Decentralization and digests
Digests as identifiers
Overlays Capture Architecture (OCA) uses a type of digest called SAIDs (Self-Addressing IDentifiers) as identifiers. Digests are essentially digital fingerprints which provide an unambiguous way to identify a schema. Digests are calculated directly from the schema’s content, meaning any change to the content results in a new digest. This feature is crucial for research reproducibility, as it allows you to locate a digital object and verify its integrity by checking if its content has been altered. Digests ensure trust and consistency, enabling accurate tracking of changes. For a deeper dive into how digests are calculated and their role in OCA, we’ve written a detailed blog post exploring digest use in OCA.

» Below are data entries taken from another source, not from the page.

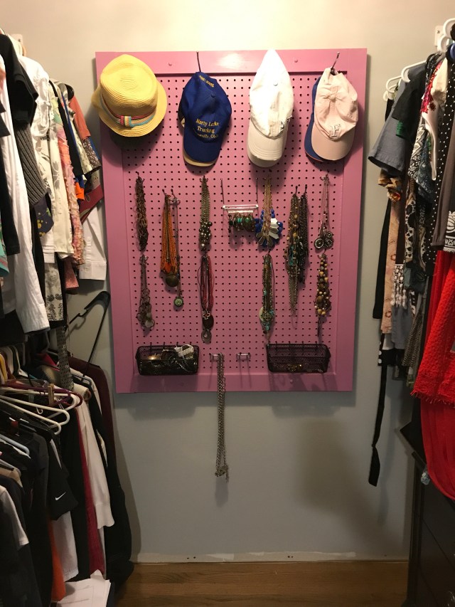 I’ve had an idea for a few months and a lovely piece of pegboard has been hiding in the rear of my closet.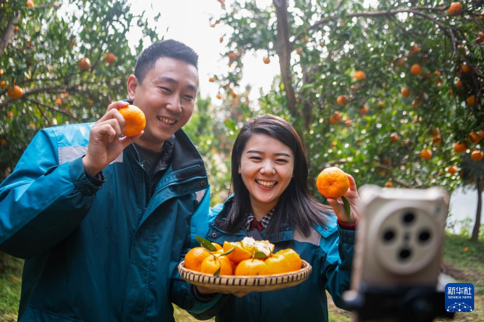 近日,重庆市黔江区阿蓬江沿岸数千亩柑橘林迎来丰收季,当地通过举办采摘体验、线上直播等活动,拓宽柑橘销售渠道,推动柑橘出村进城,有效促进农民增收和乡村产业振兴。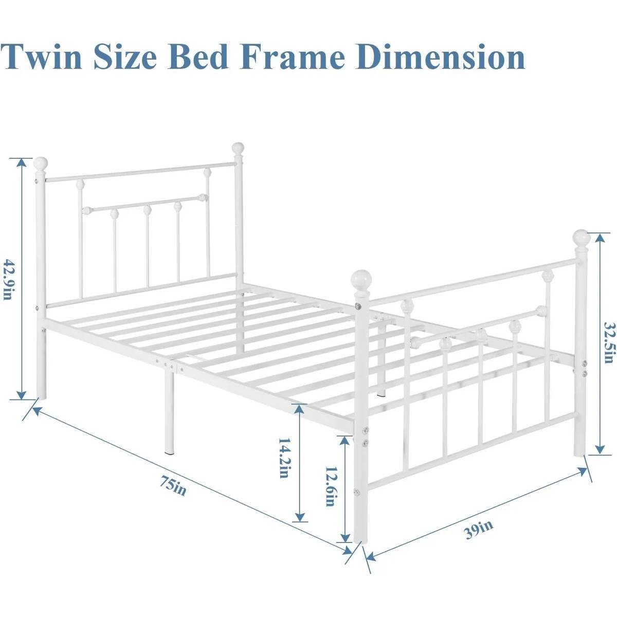 This Twin Victorian Style White Metal Platform Bed Frame with Headboard Footboard combines clean lines, a matte black metal frame, and antique-style castings result in a metal platform bed with a headboard and footboard that exudes the classy character and touch of vintage style your bedroom is yearning for. Upgrade square metal steel structure reduces friction with the mattress, solve noise problem, mattress is embedded in steel frame to avoid sliding or wobbling. Supported by 11 metal bars, 9 metal legs, this bed frame will stand the test of time. With anti-scratch foot cover, which can protect your floor from scratching. Raised H-shaped headboard and footboard , can accommodate suitable for any thickness and material mattresses. under the frame space is 12.6" and offers extra storage space. Package including all parts, tools, and assembly instructions of the bed, an adult can handle in under an hour.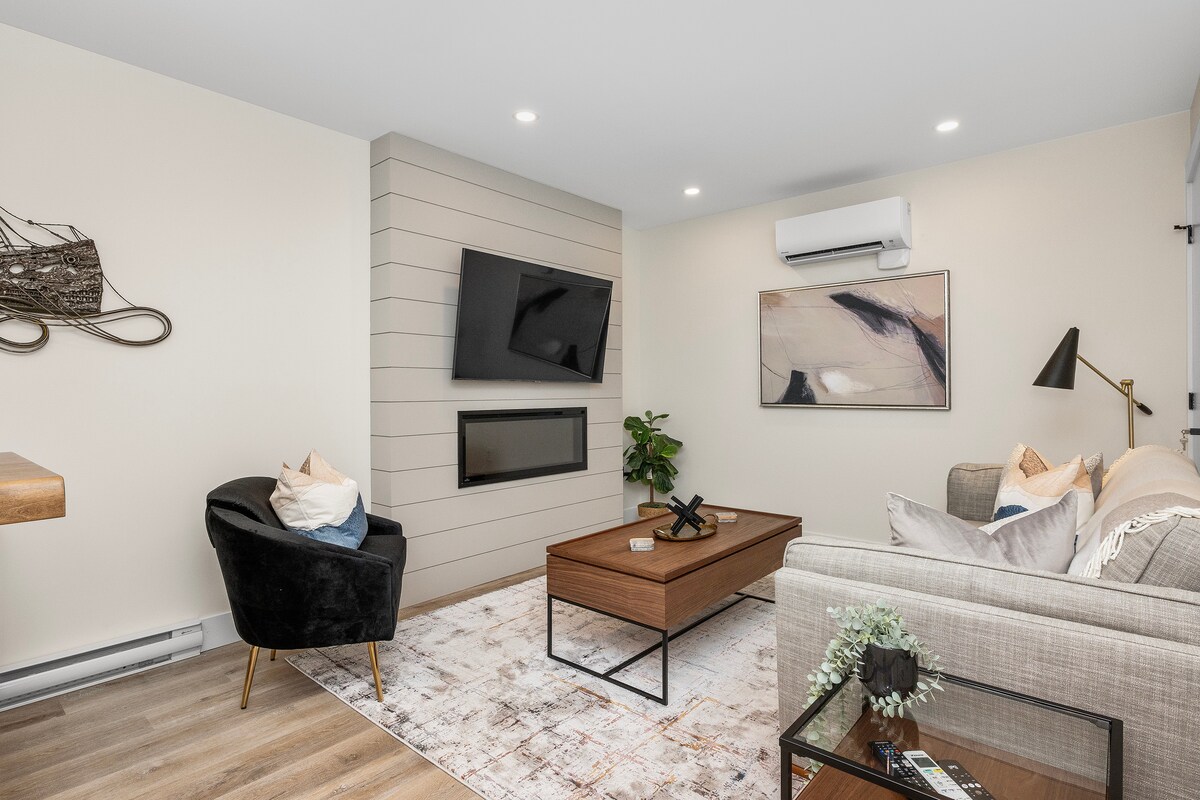 Disfruta de una experiencia de lujo en esta suite céntrica en el sótano. Los acabados de diseño de este dormitorio más sofá cama son ideales para un grupo pequeño que quiera un lugar más pequeño, pero bien pensado, cerca del centro de la ciudad. Sin perder el ritmo, esta suite Garden tiene todo lo necesario para una estancia cómoda: - Cocina totalmente equipada. - Baño espacioso. - Sala de estar con smart TV de 50 pulgadas. - Cómoda cama tamaño queen y un impresionante sofá tamaño queen (colchón grueso). La mejor parte: tiene estacionamiento GRATUITO.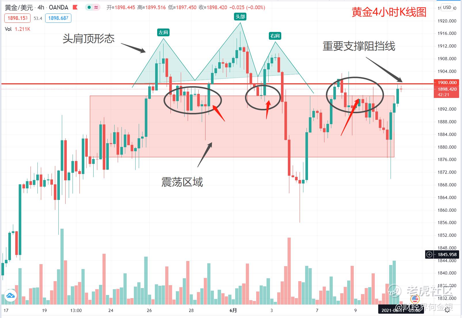 我们再来看黄金4小时盘面,黄金顶部的“头肩顶形态”并未改变,在盘面上还是一个顶部反转信号。而且黄金也并未1900点的重要支撑阻挡点位,我们可以把这个点位看作是黄金的多空分水岭,黄金多次在1880-1900区间来回震荡,此外黄金每次到达高位都未能长时间守住点位,说明黄金多头无力将价格继续抬升,也没有能力将价格守住不往下回落。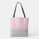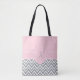 Cinzas monogramas e padrão de fêmur branco com uma barra de tote totalmente Impressão, cor-de-rosa e branca, pastel. O design apresenta uma cinza e um padrão de fêmur branco na metade inferior e na metade superior um padrão de bolinhas rosa e branco pastel. O design é atravessado por uma banda rosa pastel e no meio há um rosa pastel com sua inicial personalizada.

Digests are not limited to schemas, digests can be calculated and used as an identifier for any type of digital research object. While Agri-food Data Canada (ADC) is using digests initially for schemas generated by the Semantic Engine (written in OCA), we envision digests to be used in a variety of contexts, especially for the future identification of research datasets. This recent data challenge illustrates the current problem with tracing data pedigree. If research papers were published with digests of the research data used for the analysis the scholarly record could be better preserved. Even data held in private accounts could be verified that they contain the data as it was originally used in the research study.
Decentralized research
The research ecosystem is in general a decentralized ecosystem. Different participants and organizations come together to form nodes of centralization for collaboration (e.g. multiple journals can be searched by a central index such as PubMed), but in general there is no central authority that controls membership and outputs in a similar way that a government or company might. Read our blog post for a deeper dive into decentralization.

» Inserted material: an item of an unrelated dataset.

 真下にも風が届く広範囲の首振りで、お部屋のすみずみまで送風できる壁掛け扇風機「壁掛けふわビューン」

Centralized identifiers such as DOI (Digital Object Identifier) are coordinated by a centrally controlled entity and uniqueness of each identifier depends on the centralized governance authority (the DOI Foundation) ensuring that they do not hand out the same DOI to two different research papers. In contrast, digests such as SAIDs are decentralized identifiers. Digests are a special type of identifier in that no organization handles their assignment. Digests are calculated from the content and thus require no assignment from any authority. Calculated digests are also expected to be globally unique as the chance of calculating the same SAID from two different documents is vanishingly small.

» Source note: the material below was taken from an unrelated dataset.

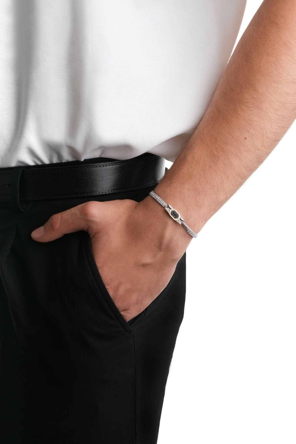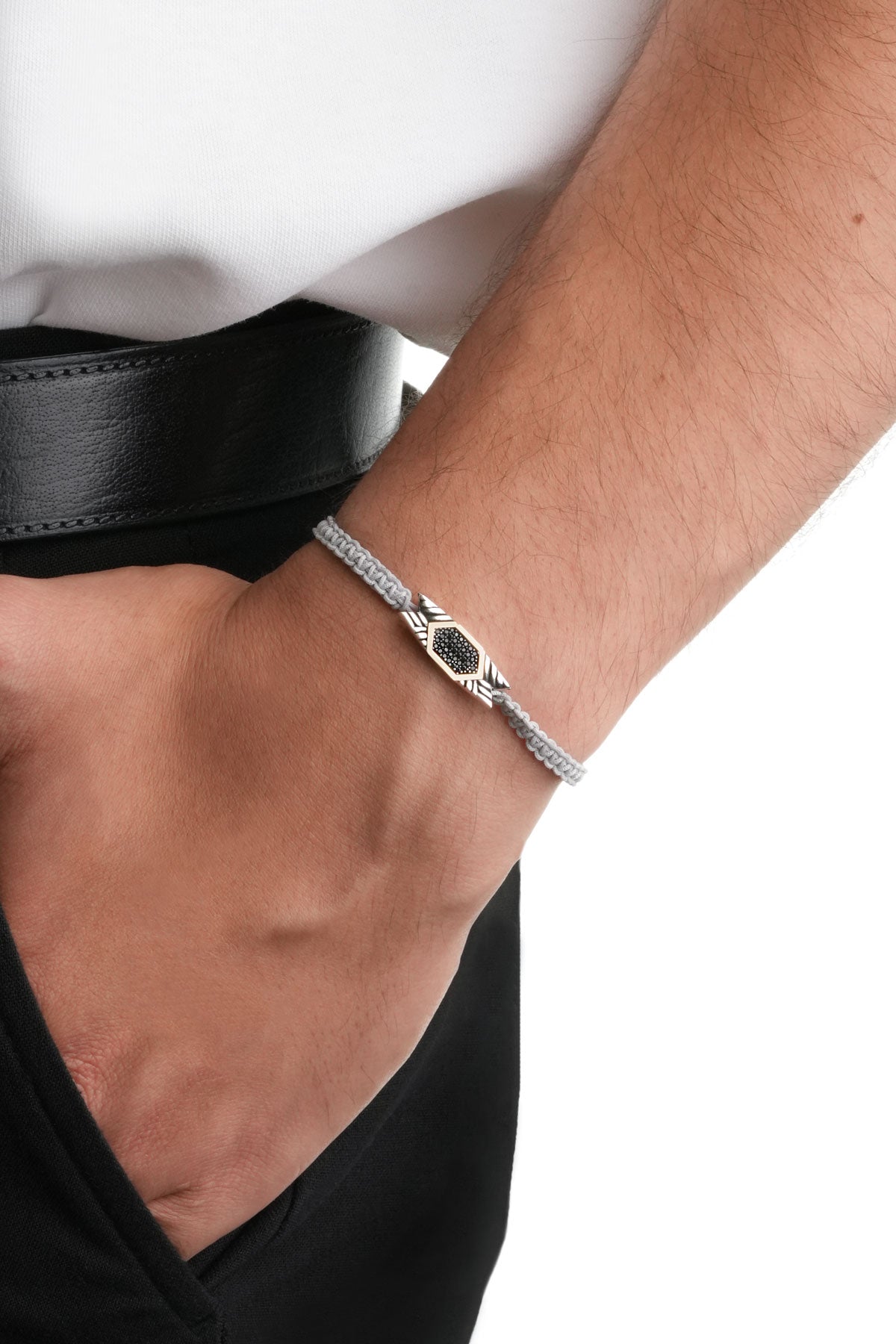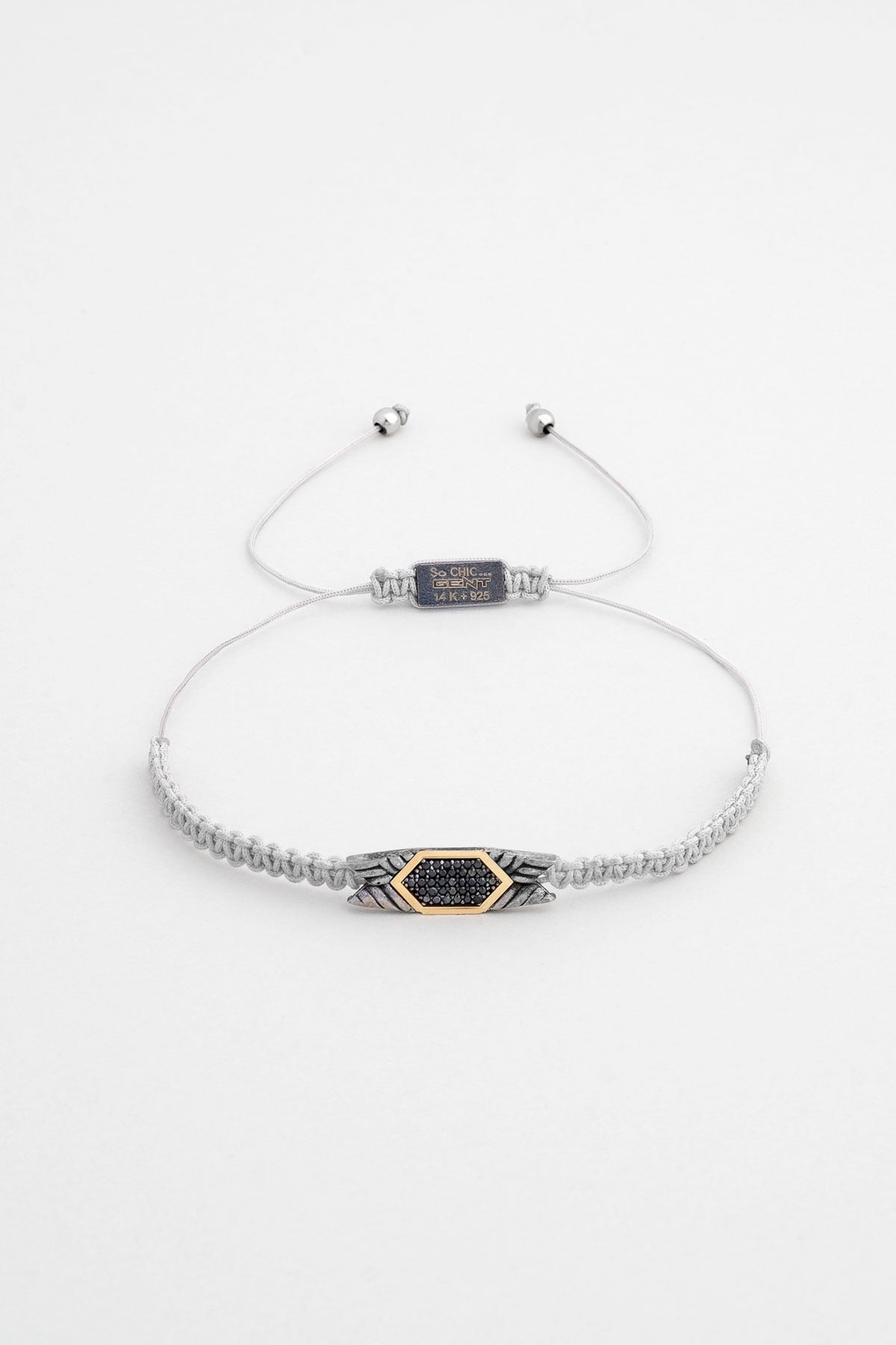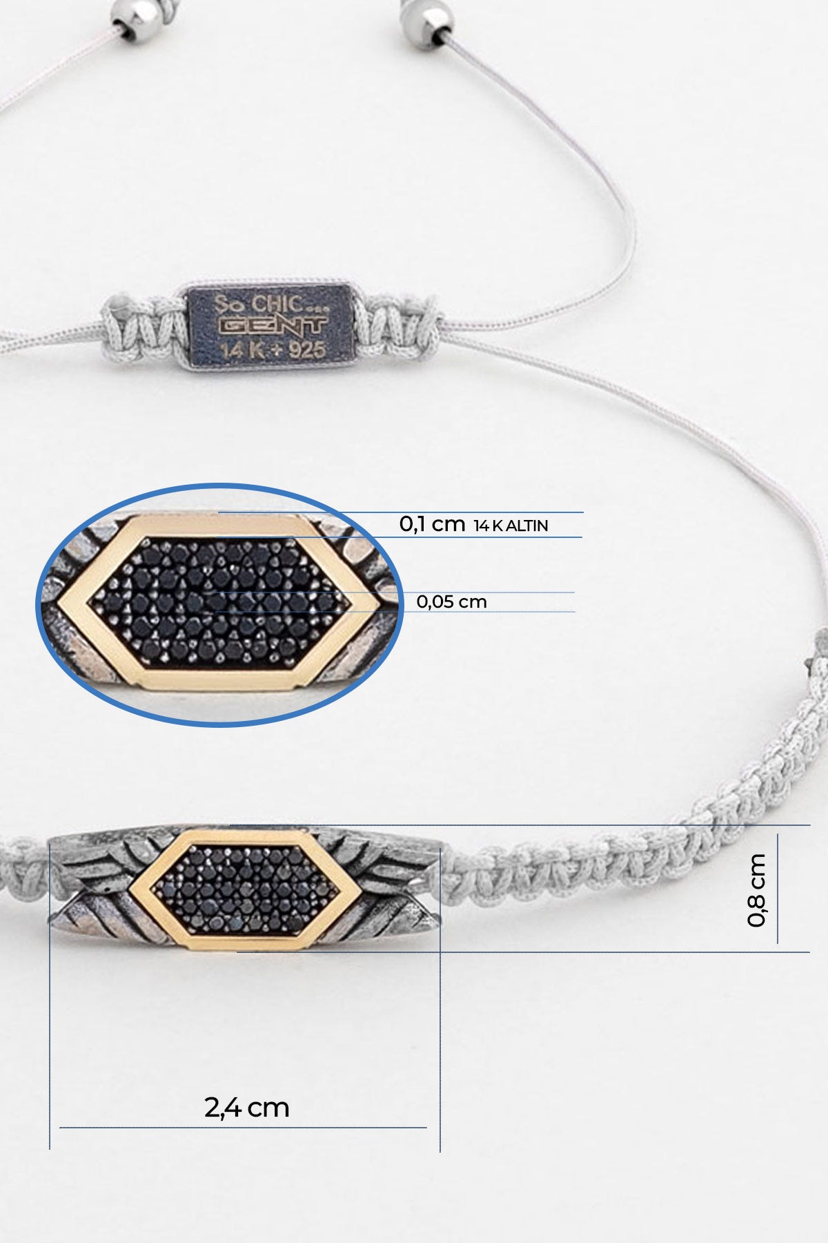 Gri Ipli 14 Ayar Altın Erkek Gümüş Ipli Bileklik 07295109099

Digests for decentralization
The introduction of SAIDs enhances the level of decentralization within the research community, particularly when datasets undergo multiple transformations as they move through the data ecosystem. For instance, data may be collected by various organizations, merged into a single dataset by another entity, cleaned by an individual, and ultimately analyzed by someone else to answer a specific research question. Tracking the dataset’s journey—where it has been and who has made changes—can be incredibly challenging in such a decentralized process.
By documenting each transformation and calculating a SAID to uniquely identify the dataset before and after each change, we have a tool that helps us gain greater confidence in understanding what data was collected, by whom, and how it was modified. This ensures a transparent record of the dataset’s pedigree.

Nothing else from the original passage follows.